This is the seventh day of my participation in the August More text Challenge. For details, see:August is more challenging

1. Knowledge of statistics and data analysis

Basic concepts: random variable, distribution function, probability density function

  1. What is a random variable? What’s the relationship between random variables and randomized trials?

Randomized trial: same condition – random phenomenon – large number of repeated observations 1. Three characteristics: 1. Before the test, it is impossible to determine what results will be produced. 1. All possible results of the test can be clearly stated. Repeatable trials under the same conditions – the results of repeated trials appear in a random manner. Random variables: Describe the results of randomized trials. X stands for — could be the result of a single randomized trial, or could be a combination of the results of multiple randomized trials.

  1. How do you differentiate between the different random variables?

Randomness is generated based on certain rules – the distribution of random variables to distinguish different random variables based on the distribution of random variables – by knowing the distribution of random variables, the final results can be predicted before the start of the experiment

  1. What is a sample? What’s the relationship between the sample and the random variable?

Samples – Results of each randomised trial – “observations” – depending on sample size – Call the different randomised trials the randomised trial with sample size N and the random variable X 1. Consider all the results as a randomized trial with sample size N, corresponding to samples X1, x2, x3… Each result is treated as an independent randomized trial of sample size 1. X1, x2, and x3 are independent samples from the same randomized trial. -x is the mean of the results of these randomized trials

  1. How are random variables classified? What are the categories based on? Random variables can be divided into discrete random variables and continuous random variables. Classification is based on whether all possible outcomes of the described randomized trial are countable

Countable – Whether all possible outcomes can be listed in a certain order

  1. What are the common discrete random variables? What is the distribution law of each of them?
    1. Bernoulli distribution: 0-1 distribution test results are only two
    2. Binomial distribution: n repeated independent Bernoulli distributions
      1. Each Bernoulli distribution event occurs with the same frequency
      2. The results of each test are independent of each other and are not interfered with by the results of the other tests
    3. Poisson distribution: a discrete probability distribution – the number of random events in a unit of time [space]
  2. What are the common continuous random variables?
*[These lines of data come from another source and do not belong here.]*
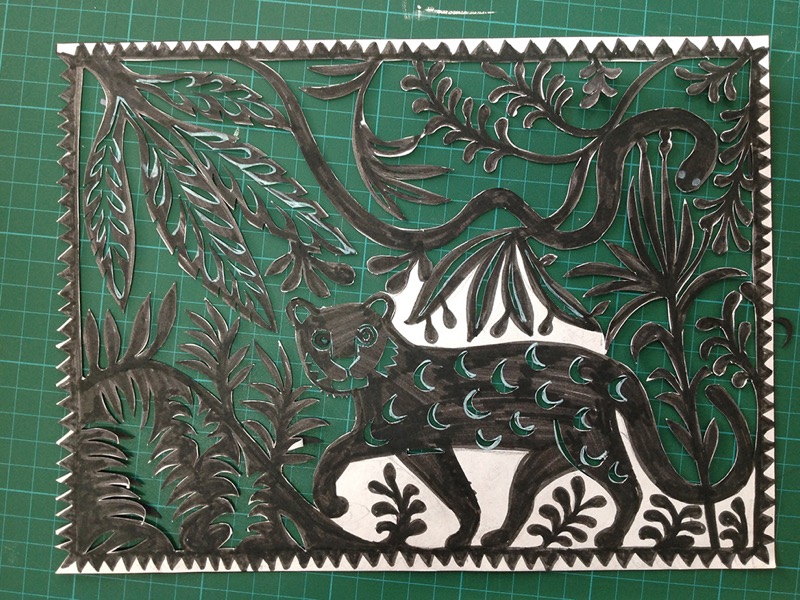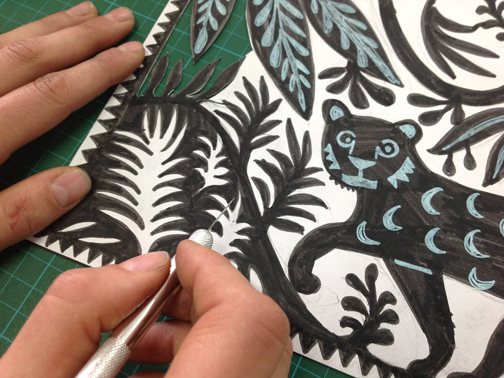Poco a poco, irás eliminado todas las zonas blancas del patrón. Algunas partes de tamaño reducido serán más difíciles de recortar, así que tómate tu tiempo y cambia con frecuencia de cuchilla para realizar cortes bien nítidos.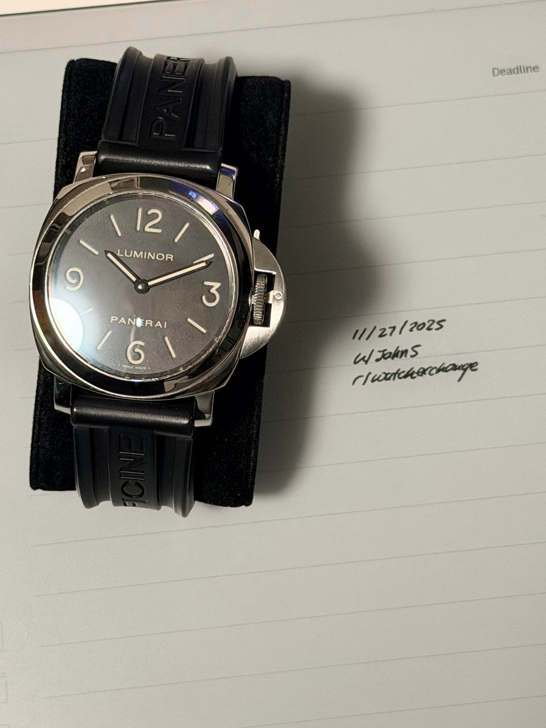 Hello all! Selling my Panerai Luminor Base PAM00112. Price: $3,599 + 🚢 OBO Comes with tools, double boxes, and warranty card (2016). The warranty data aligns with the watch on Panerai’s warranty site. The functions excellently and the timekeeping is strong. There is some wear from regular use to both the case and the strap. Please refer to the pictures. The sandwich dial is fantastic and the lume is exceptional. The PAM00112 is arguably the “purest” Panerai with the classic Luminor case, sandwich dial, two hands, and a transparent caseback. Shipping from ATL, GA. Accepting wire or PP F&F for established users. CONUS only. I’m always happy to get on the phone / FaceTime to show you the watch or discuss anything else. Plenty of references on this forum as well. No trades, please. Low ball bids will be ignored. Thanks!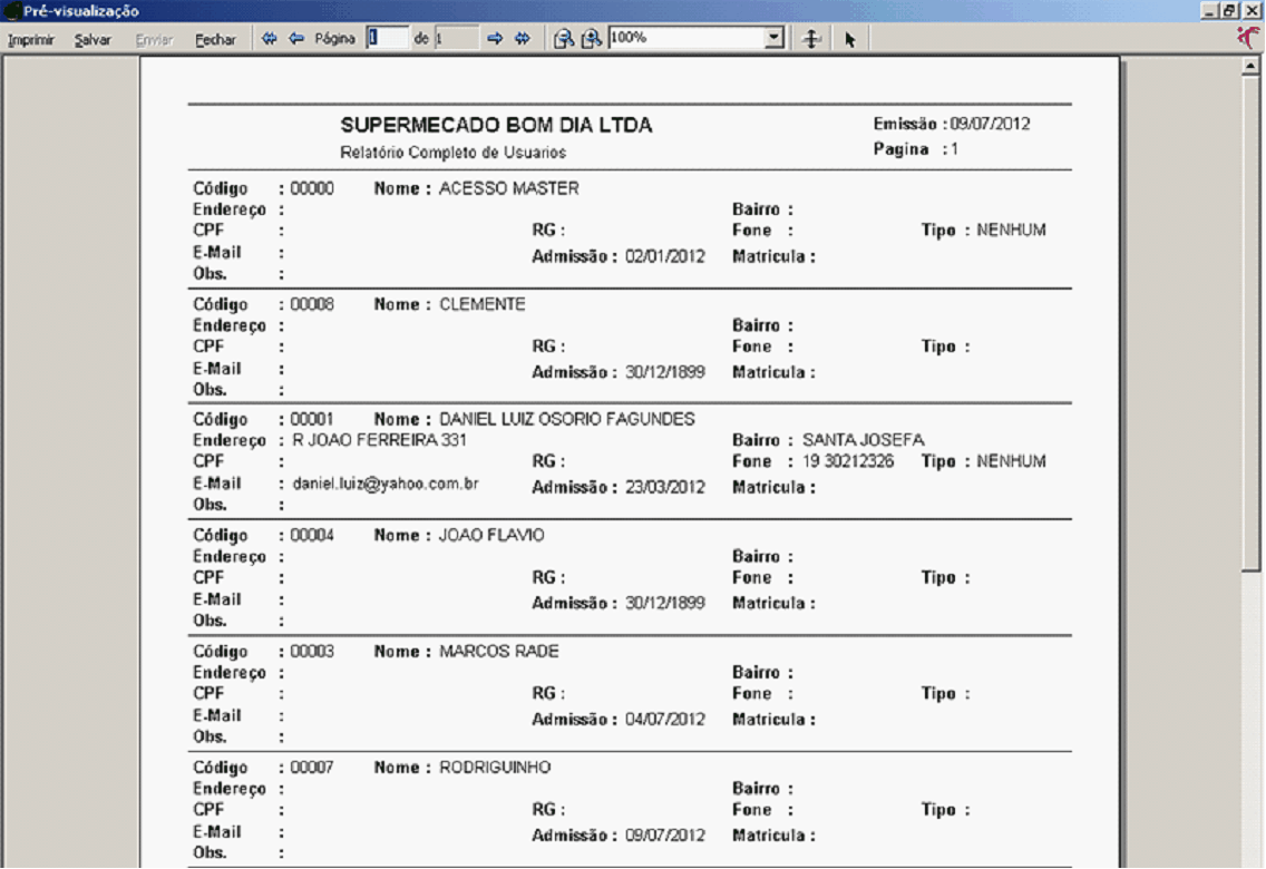 Abaixo apresentaremos um exemplo de relatório dos usuários cadastrados;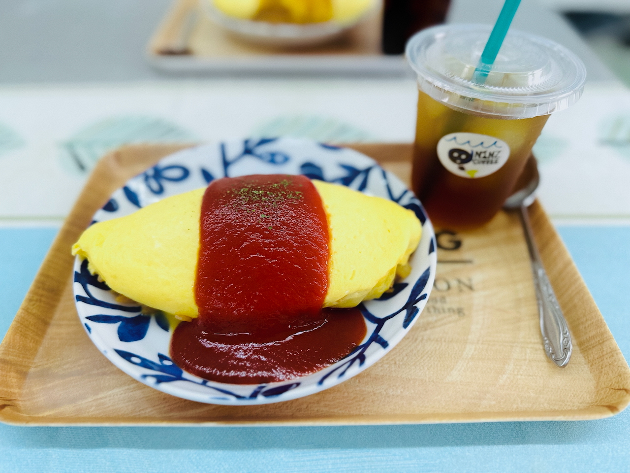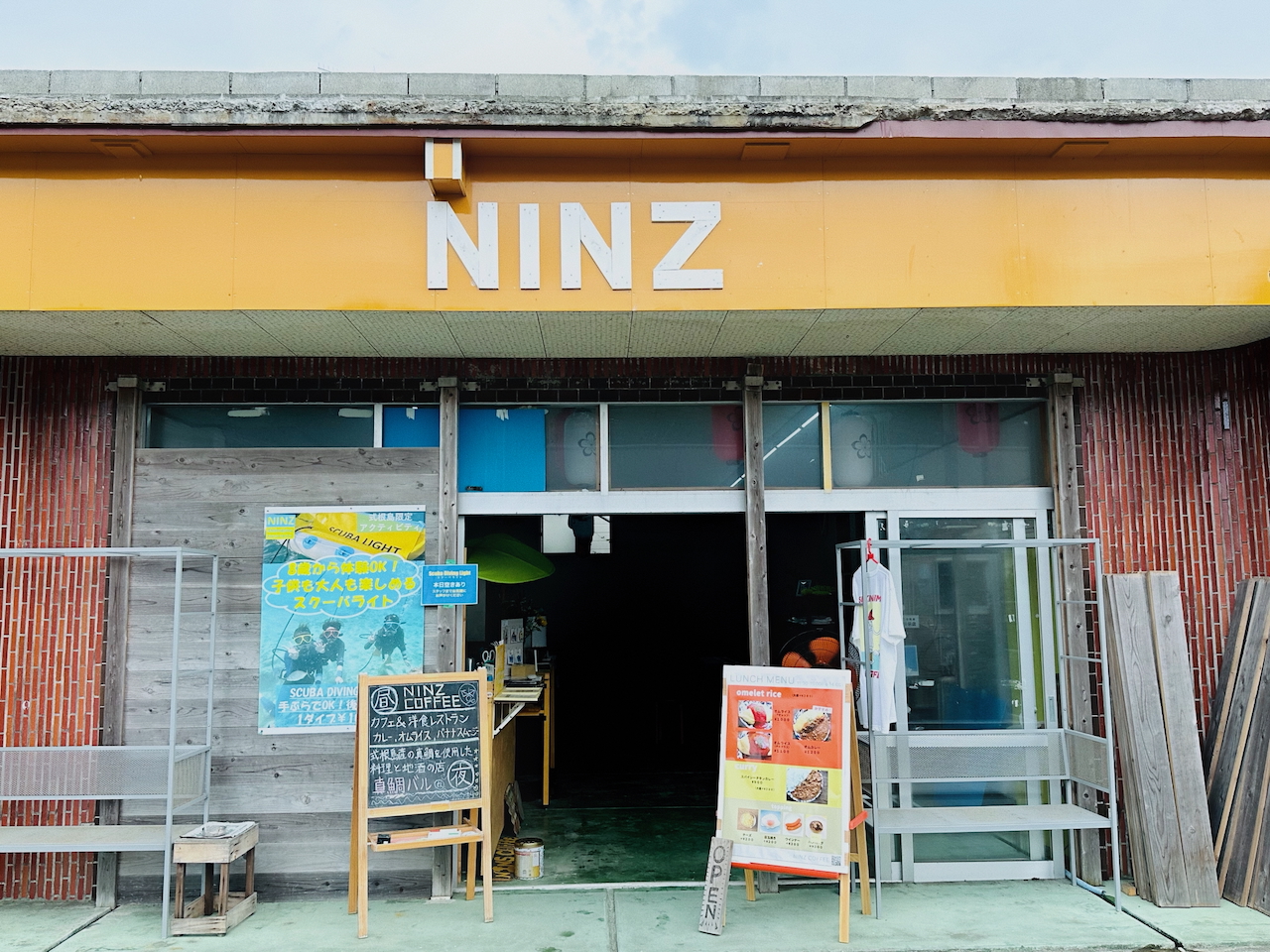 NINZ 是一間結合潛水店、咖啡館與餐酒吧的複合空間,店名同時掛著 Scuba Light Diving / ninz coffee / 真鯛BAR,既能安排浮潛潛水,也能坐下來喝咖啡用餐。蛋包飯是本店主打菜單。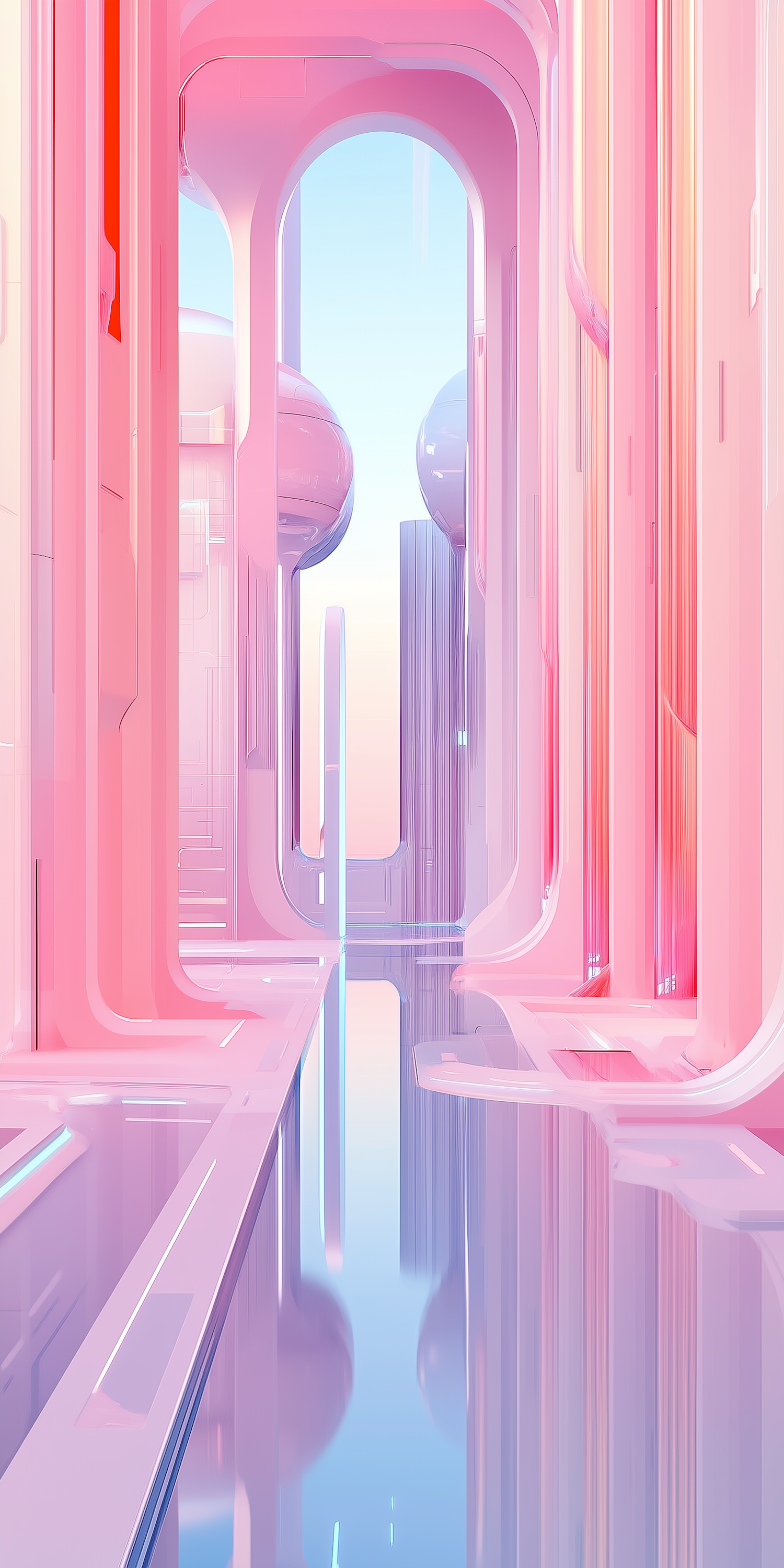 Futuristic pastel corridor with reflective floors, smooth arches, and a dreamy gradient sky. Perfect for sci-fi or utopian design inspiration.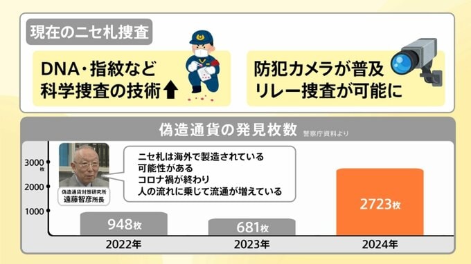 偽造通貨対策研究所の遠藤智彦所長によると、「ニセ札は海外で製造されている可能性がある。コロナ禍が終わり、人の流れに乗じて流通が増えているのではないか」と言います。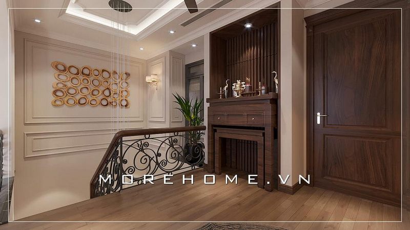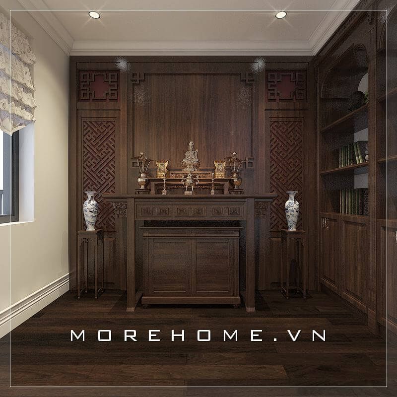 Trang trí nội thất phòng thờ đẹp với mẫu bàn thờ hiện đại kết hợp ốp gỗ bao quanh phòng, cùng nội thất gỗ cao cấp mang đến vẻ đẹp sang trọng và đẳng đẳng cấp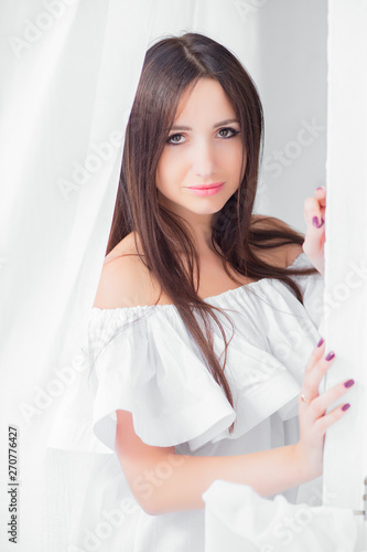 adult, alluring, attractive, beautiful, caucasian, charming, cutie, elegance, elegant, fashion, female, femininity, girl, glamourous, glamour, gorgeous, indoor, lady, lovely, luxury, make-up, model, neat, nice, honed, person, posing, pretty, seductive, sensual, sexy, slim, studio, woman, young, beauty, black, white, portrait, brunette, 1, curtain, hair, hand, finger, look, dress, thoughtful, calm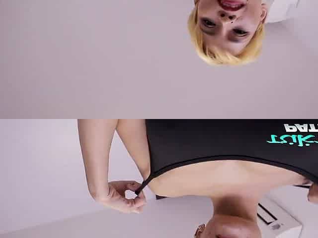 Petite blonde with pigtails Genesis Skye loves to bounce on a huge rod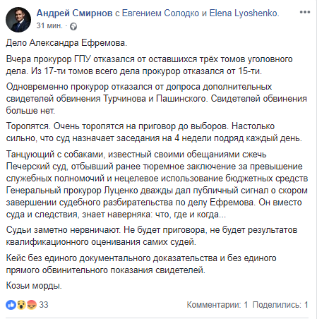 "Торопятся. Очень торопятся на приговор до выборов. Настолько сильно, что суд назначает заседания на 4 недели подряд каждый день. Танцующий с собаками, известный своими обещаниями сжечь Печерский суд, отбывший ранее тюремное заключение за превышение служебных полномочий и нецелевое использование бюджетных средств Генеральный прокурор Луценко дважды дал публичный сигнал о скором завершении судебного разбирательства по делу Ефремова. Он вместо суда и следствия, знает наверняка: что, где и когда...", - пишет Андрей Смирнов.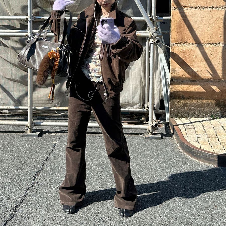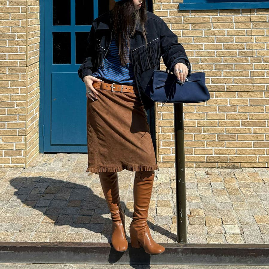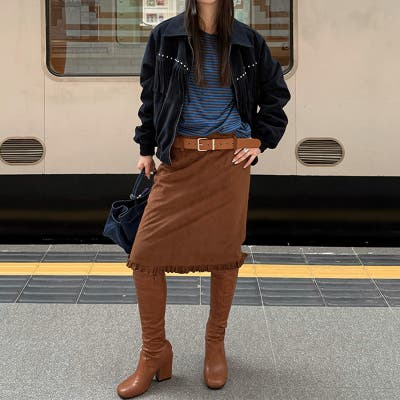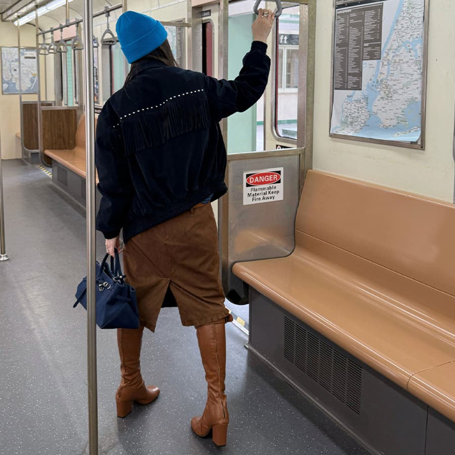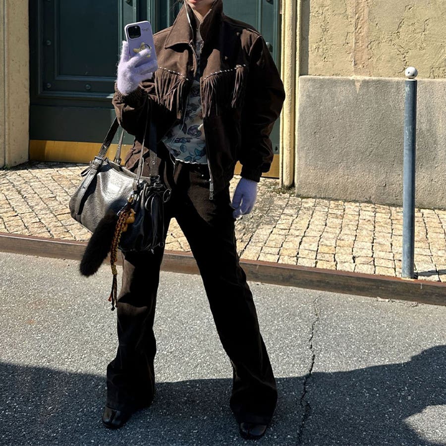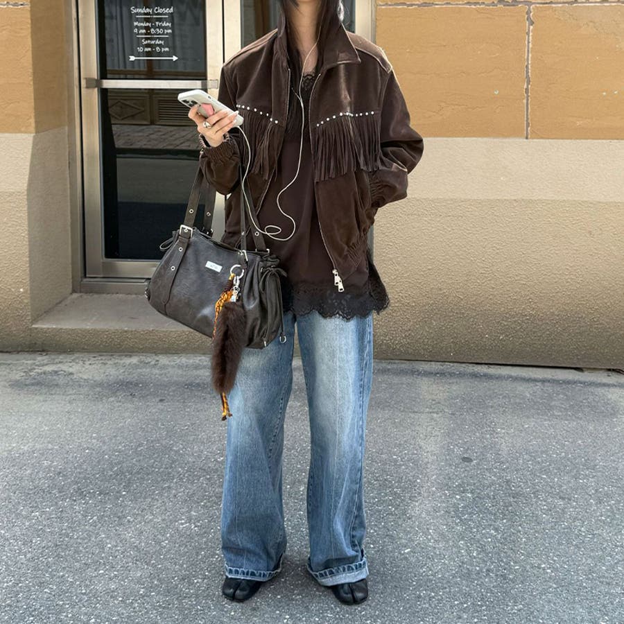 ユニセックス☆スエード中綿ジャケットフリンジスタッズ付

What’s the probability density function for each of them?

    PDF – Probability density Function

    CDF – cumulative distribution function
    1. Uniform distribution: The distribution of the probability density function with a fixed value over the result interval
    2. Normal distribution
    3. Exponential distribution: A probability distribution describing the time between events in a Poisson process – a process in which events occur continuously and independently at a constant average rate

Common features of random variables

  1. What are the number characteristics that describe random variables?
    1. Expectation: E(X) – the average of the random variable X
    2. Variance & standard deviation: D(X) – characterizes the fluctuation of the random variable X – the greater the variance, the greater the uncertainty of the result
    3. Quantile: The order of a sample x in the global distribution
    4. Covariance & correlation coefficient: Concern with the relationship between two or more random variables
  2. What is the relationship between the expectation of X+Y and XY and the expectation of X and Y?
    1. E(X + Y)=E(X)+E(Y) -x,Y doesn’t have any constraints
    2. E(XY) = E(X)E(Y) -x,Y must be an independent variable, does not indicate that X and Y are independent of each other
  3. What’s the relationship between the expectation of the distribution and the size of the median?

The relationship between the expectation of a distribution and the size of the median – varies from distribution to distribution 1. Positive skew – median less than expected 1. Normal – Median equal to expected 1. Negative skewness – the median is greater than expected

  1. Describe the difference between independent and unrelated variables

Independent: Two things that are unrelated or unrelated

  1. What is the expectation and variance of a common distribution?

Discrete random variables:

Continuous random variables:

Normal distribution, law of large numbers, central limit theorem

  1. What are the basic properties of a normal distribution?

The probability density function graph is symmetrical with the expectation as the center, and the size of the expectation is equal to the median

  1. What is the relationship between the three sigma approach and the normal distribution

The probability of 68.27%,95.45,99.73 – σ, 2σ, 3σ interval samples falling outside 3σ is only 0.27% – gross error – this part of data is eliminated

  1. The law of large numbers — repeat the random trial for the random variable X many times — as the number of trials increases, the mean of X gets closer and closer to E(X).